Esta novela, Sé que mi padre decía, en principio, es una novela de acción, de serie
negra o psicokiller o como quiera llamarse, pero el fondo es vasco contemporáneo,
con mucha violencia y con la banda etarra en el horizonte.
El prota es un personaje
desmañanado, que ya hemos visto en otras ocasiones, como en los divertimentos de Eduardo
Mendoza, y fracasado, que busca un momento de buena suerte a su perra vida, aceptando
un plan de chantaje que le ofrece una puta que en otra tiempo fue su mujer. Como
ambos, el prota y la puta, sólo ven el dinero al final de la aventura, pero no las implicaciones que
conseguirlo implica, caen en manos de un pistolero durmiente que lleva las cosas
bastante más allá de dónde ellos nunca hubieran imaginado.

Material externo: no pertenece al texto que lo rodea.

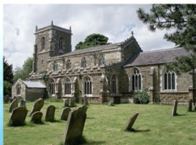
St. Edith's Grimoldby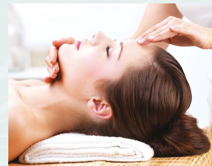
FACIALS FOR SKIN HEALTH & APPEARANCE

*Research sources: Roehampton University on massage and benefits including immunity cells, FIFA on sports & massage, International Journal of cosmetic science, McKinsey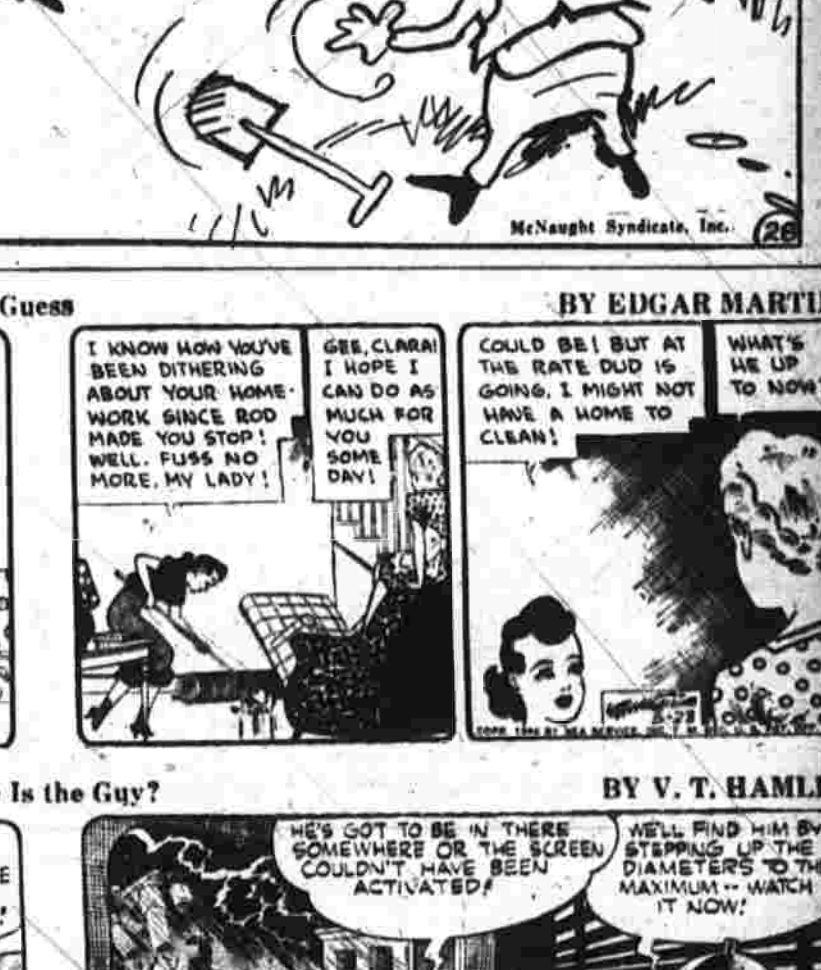
"I make a bold move."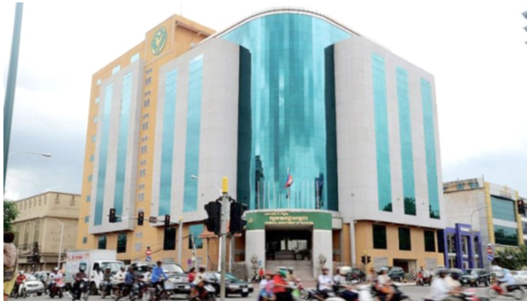
General Department of Taxation Phnom Penh, Cambodia

On 24 February, the General Department of Taxation released a notification to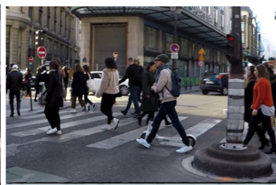
2.4 He walks along with pedestrians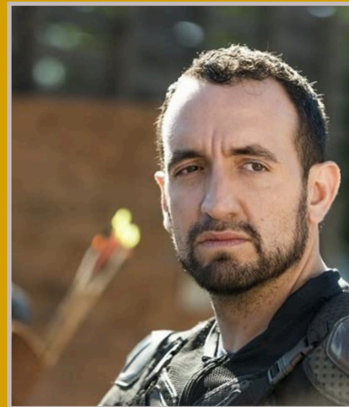
"The Walking Dead" AMC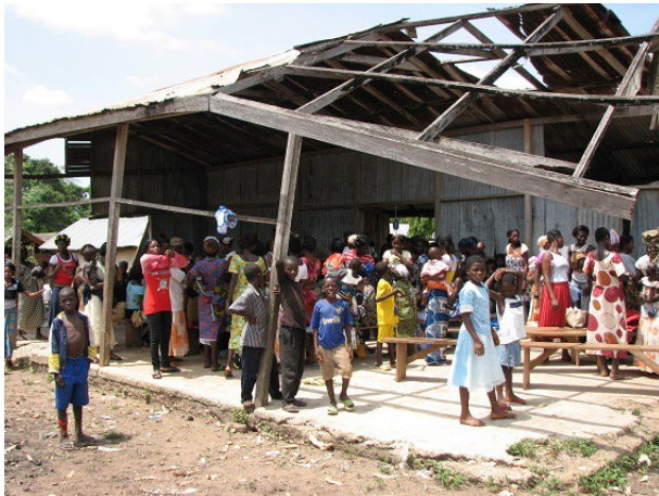
The old clinic in Kwabenakuma

The clinic also got showers and toilets with running, hot water.

La novela se traga de un tirón,
Bilbao aparece por arriba y por abajo y de costado, por el centro, los barrios, los
pueblos, calles y autopistas, casas de medio pelo y tugurios, todo lo mejor que
una novela de género puede ofrecer, con el aliciente de que quien busque comprender
qué pasa en aquel triángulo del norte, donde la muerte planeada ha formado parte
del paisaje hasta hace poco, sin que sus vecinos se llevasen las manos a la
cabeza, al contrario, con muchos aplausos y homenajes, algo va a pillar. No es que Uribe haga una
disección del alma moral del pueblo vasco, ni dé claves sociales o psicológicas, pero algo ayuda a comprender describiendo la geografía donde los hombres se
mueven y el trato que se dan entre ellos. Y está muy bien escrita.
En ese aspecto, en el de contar verdades, los vascos van más
adelantados que los catalanes: hay unos cuantos que hace tiempo perdieron el
miedo y hablan, escriben y filman para entender de que va la cosa. En Cataluña
no ha ocurrido nada semejante, quizá porque no ha habido muertos y la
enfermedad es menos grave, aunque bastante más extendida.